# Flavour issues...



## mAlice (14/1/16)

Hi Ladies and Gents,

I treated myself to 2 new juices yesterday. I live in the Centurion area and decided to try out the Lung Brewery range, which I got from Sky Blue Vaping

I bought "reaper" and "marvin". Marvin is a nice fruity (slight tart finish, I love it!) vape that I can enjoy on occasion. Reaper on the other had has a sweet strawberry and peach blend. I bought it specifically for this reason.

BUT, I am having some issues with the flavour I get off Reaper. I am running a Subox Nano kit @ 44watts, on an OCC 0.5Ohm Kangertech coilhead. I have to say that i am a bit disappointing with the flavour intensity I get off of reaper vs marvin.

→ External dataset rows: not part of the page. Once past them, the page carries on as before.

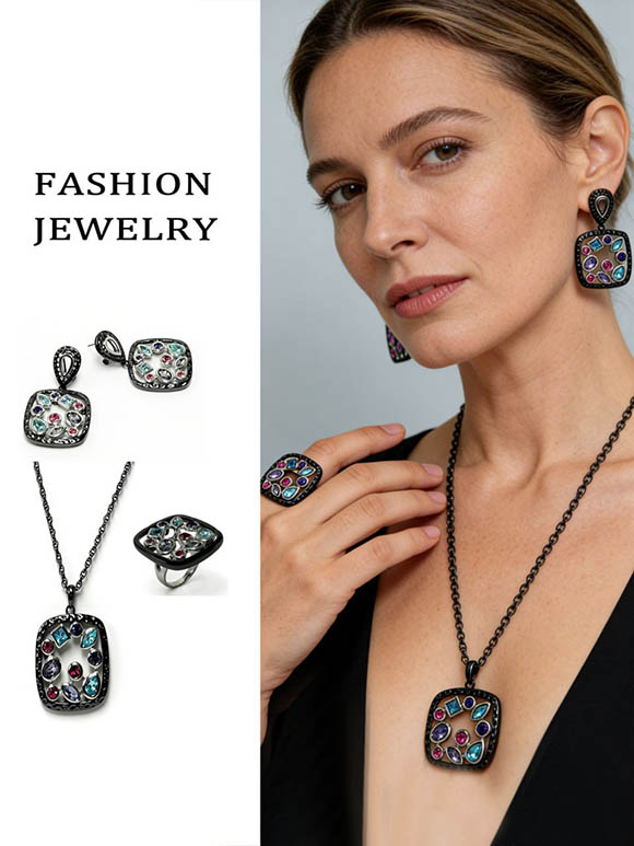 Гипоаллергенный бижутерный сплав, покрытие — черный родий, вставки — ювелирное стекло. У серег итальянский замок. Размер кольца: 17; 18; 19; 20. Серьги, кольцо или колье (кулон с цепочкой) можете приобрести отдельно.
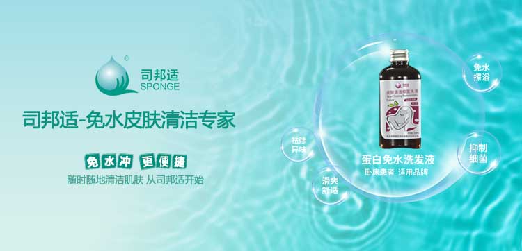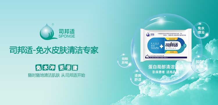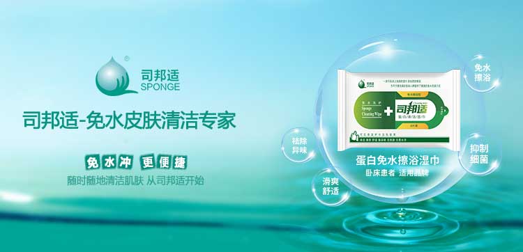 ? ? ? ?本公司研發的司邦適蛋白表面活性因子,不僅對人體皮膚及粘膜沒有刺激,同時具有對皮膚很強的清潔能力;可以祛除人體皮膚上的異味,并且具有較強的抑菌功效。使用后無需用水沖洗皮膚仍感到舒適爽滑;基于上述原因我們研發的司邦適免水清潔系列產品。主要適用于各種主觀或者客觀上不方便全身或局部皮膚清潔的人群。
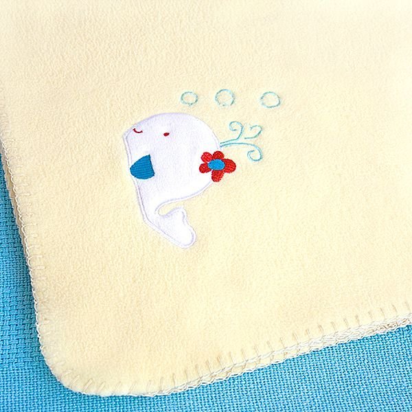 Home > [White Whale - Yellow] Embroidered Applique Coral Fleece Baby Throw Blanket (29.5 by 39.4 inches)
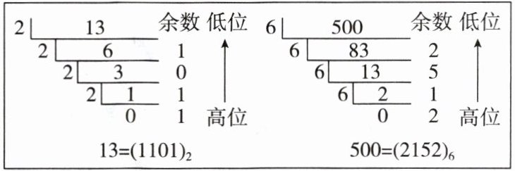 $6\vert500$(余数低位),$6\vert83…2$,$6\vert13…5$,$6\vert2…1$,$0…2$(高位),即$500= (2152)_6$。
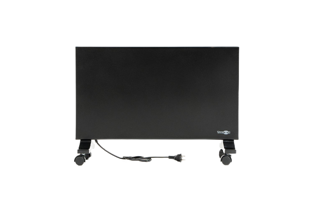 В комплект входят все необходимые элементы, включая отверстия для настенного крепления и ножки на колесах для мобильного использования. Поверхность обогревателя нагревается до рабочей температуры за 15 минут, и его можно использовать без постоянного контроля.
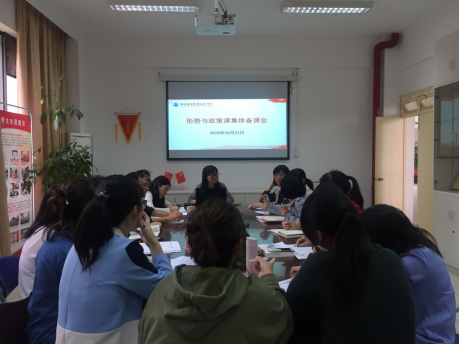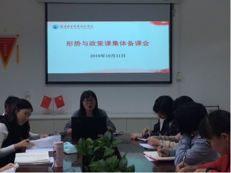 为了进一步实落细集体备课精神,切实提高教师的专业素养和教学能力,继续提升课堂教学质量,2019年10月31日上午,形势与政策教研室在行政楼107室召开集体备课专题会。本次会议由形势与政策教研室主任丁爱芝主持,马克思主义学院院长熊美兰、形势与政策教研室全体教师参加了备课会。

So my question is, am I vaping at too high/low wattage for this type of juice. And has anyone else tried Reaper for The Lung Brewery range, any comments?


----------



## BumbleBee (15/1/16)

mAlice said:


> Hi Ladies and Gents,
> 
> I treated myself to 2 new juices yesterday. I live in the Centurion area and decided to try out the Lung Brewery range, which I got from Sky Blue Vaping
> 
> ...


Check out the review thread for these juices here:

http://www.ecigssa.co.za/the-lung-brewery-juice-reviews.t14045/


----------



## mAlice (15/1/16)

HI @BumbleBee 

Thanks, I hadn't noticed it before!

Admins can close the thread, I got my answers

Reactions: Like 1


----------